Butta nel mio sacchetto un biscottino della fortuna.
«Forse questo le porta fortuna in amore!».
«La terrò informata».
Mentre tolgo la catena alla bici e appendo il sacchetto al manubrio per l’ultima tappa fino a casa, il mio telefono si mette a squillare. Controllo chi è. Non ci sono molte persone che sanno sorprendermi, ma questa è certamente una di loro.
«Becky?»
«Jim. Non sapevo se questo numero era ancora buono».
«Ne è passato di tempo».
«Dove sei?»
«Sono… Perché?».
Non ho praticamente più visto mia sorella da quando se n’è andata dalla casa di famiglia e dopo d’allora solo in quelle riunioni per cui mia madre riesce a esercitare un ricatto emotivo abbastanza in profondità da farci presenziare tutti e due.
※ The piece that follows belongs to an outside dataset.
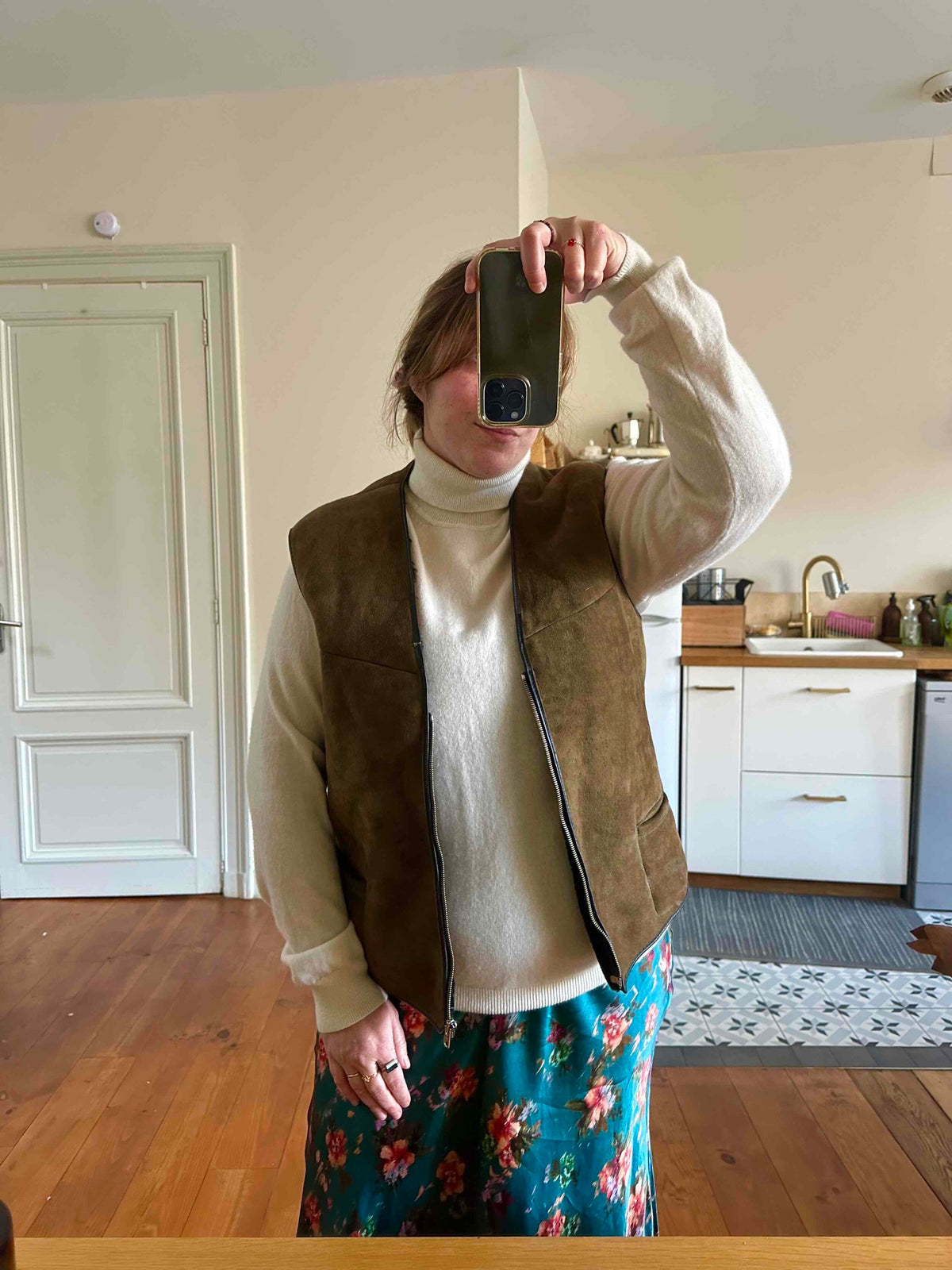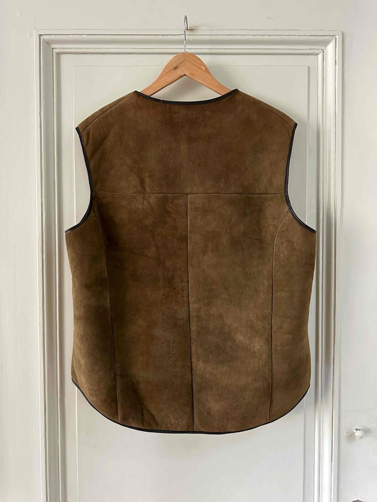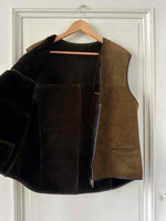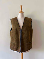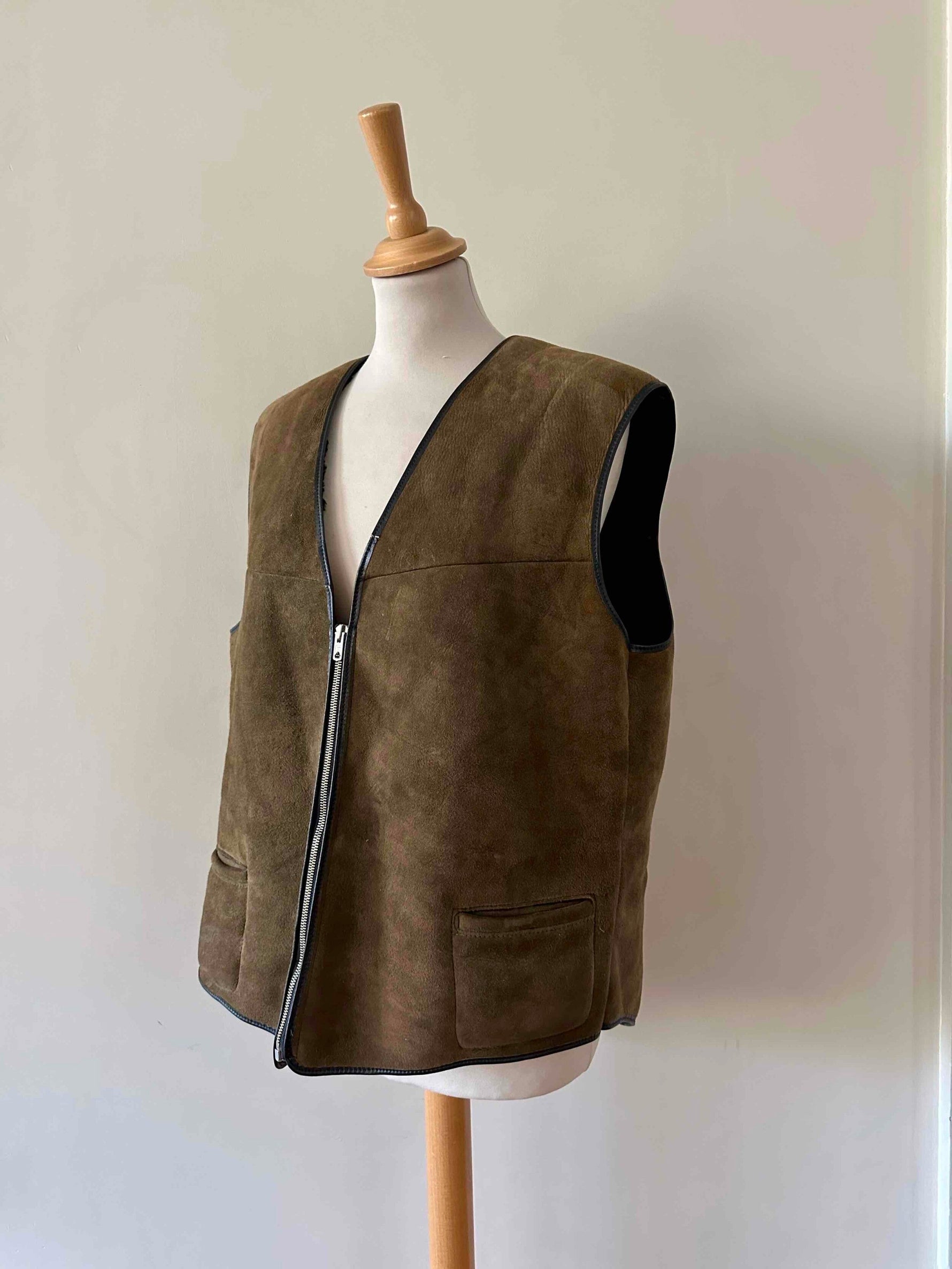 Gilet en peau lainee, mouton retourné exterieur daim brun vert olive, gansé de cuir noir, interieur laine de mouton noire, fermeture eclair, fabriqué en France, convient aux tailles 38 et 40 porté ici sur une personne T40 et sur un mannequin T36.

Becky è disposta a venirci solo se è sicura di evitare nostro padre. L’ultima volta che ci siamo visti è stato al suo funerale. Avevamo intenzione di bere qualcosa insieme quando mi sono trasferito a Bristol, perché lei già ci viveva, ma poi non so come non ce l’abbiamo mai fatta.
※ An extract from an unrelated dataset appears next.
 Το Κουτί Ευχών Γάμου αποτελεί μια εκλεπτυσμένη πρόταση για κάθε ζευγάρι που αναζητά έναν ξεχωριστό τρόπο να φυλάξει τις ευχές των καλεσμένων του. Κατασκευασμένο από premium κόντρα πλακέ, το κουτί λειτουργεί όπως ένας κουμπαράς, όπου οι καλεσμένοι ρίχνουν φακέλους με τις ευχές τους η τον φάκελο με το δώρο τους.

«Sono a casa tua. Ho bisogno di un posto dove stare».
Cinque minuti dopo la trovo seduta davanti alla mia porta e faccio fatica a riconoscerla. Ha lunghi, sporchi dreadlock biondi con dentro delle perline e zigomi troppo appuntiti con sotto guance incavate. Ha un occhio nero e gonfio. Quando mi vede si alza con una certa difficoltà.
«Per piacere non dire niente», mi ammonisce.
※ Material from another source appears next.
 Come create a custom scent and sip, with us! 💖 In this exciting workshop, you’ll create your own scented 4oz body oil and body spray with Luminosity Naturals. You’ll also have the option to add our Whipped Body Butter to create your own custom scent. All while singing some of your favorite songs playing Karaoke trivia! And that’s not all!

Ubbidisco mentre metto la catena alla bici, apro la porta e le faccio segno di entrare. È come un pesce fuor d’acqua nell’atrio elegante del mio palazzo. Mi offro di portarle il grosso zaino che ha con sé, ma rifiuta. Se lo carica in spalla e mi segue su per le scale.
Non è mai stata a casa mia e la vedo osservare il mio ambiente con l’occhio buono. Divido il mio riso speciale in due ciotole e gliene do una. Mangia molto velocemente. Vedo che ha le dita sporche e che ha un livido anche su una clavicola.
Parliamo tutti e due nello stesso momento.
«Hai intenzione di dirmi…».
«Posso restare qui da te per un po’?».
L’ultima volta che io e mia sorella ci siamo trovati nella stessa casa è stata la sera che mio padre l’ha colpita con un manrovescio ed è andata a sbattere contro il muro della cucina. Aveva messo parecchia forza in quel colpo, tanto che la rastrelliera delle spezie si è staccata dai suoi ganci ed è precipitata sul pavimento accanto a Becky. Ci fu un’esplosione di erbe e polveri di tutti i colori. Nostra madre aveva un debole per la sperimentazione gastronomica.
Quando successe, io stavo mangiando bastoncini di pesce. Mia madre era andata al congelatore a prendere del gelato che voleva servirci per dessert. Becky impiegò molto tempo per rialzarsi e quando lo fece le girava la testa.
Mio padre le voltò le spalle per prendere un bicchiere da whisky dal pensile e mentre era girato, Becky è uscita dalla cucina in silenzio ed è salita in camera a fare i bagagli. Lasciò sulla moquette una scia di orme speziate di rosso.
Mio padre aveva appena saputo che Becky era stata in un certo posto quando a lui aveva detto di essere in un altro.
Non molto tempo dopo, quando uscì di casa trascinando una valigia, la guardai dalla cucina attento a finire diligentemente il mio pasto anche se ormai era diventato gelido. Ero un bravo bambino. Ero terrorizzato. Vidi mia madre infilare nelle tasche di Becky delle banconote prese dalla scatola di latta che c’era in dispensa e cercare di toccare una guancia di sua figlia, solo per essere respinta. La vidi rovesciare nel lavello il gelato perché si era sciolto. Le tremavano le mani sotto il getto dell’acqua e la fece scorrere per molto tempo.
Quella sera la porta dello studio di mio padre restò chiusa e fu così per molti giorni quando rientrava dal lavoro. Una settimana dopo fece sostituire la moquette sporca di paprika, soprintendendo di persona alla posa di quella nuova e quello stesso giorno sparirono le fotografie di Becky che c’erano sul pianoforte. Non fece mai più il suo nome.
La sera in cui arriva a casa mia Becky non dice niente. Le do la mia stanza e io mi metto sul divano e dico a me stesso che non importa se le molle mi si infilano nella schiena, perché non sarei riuscito a dormire in ogni caso.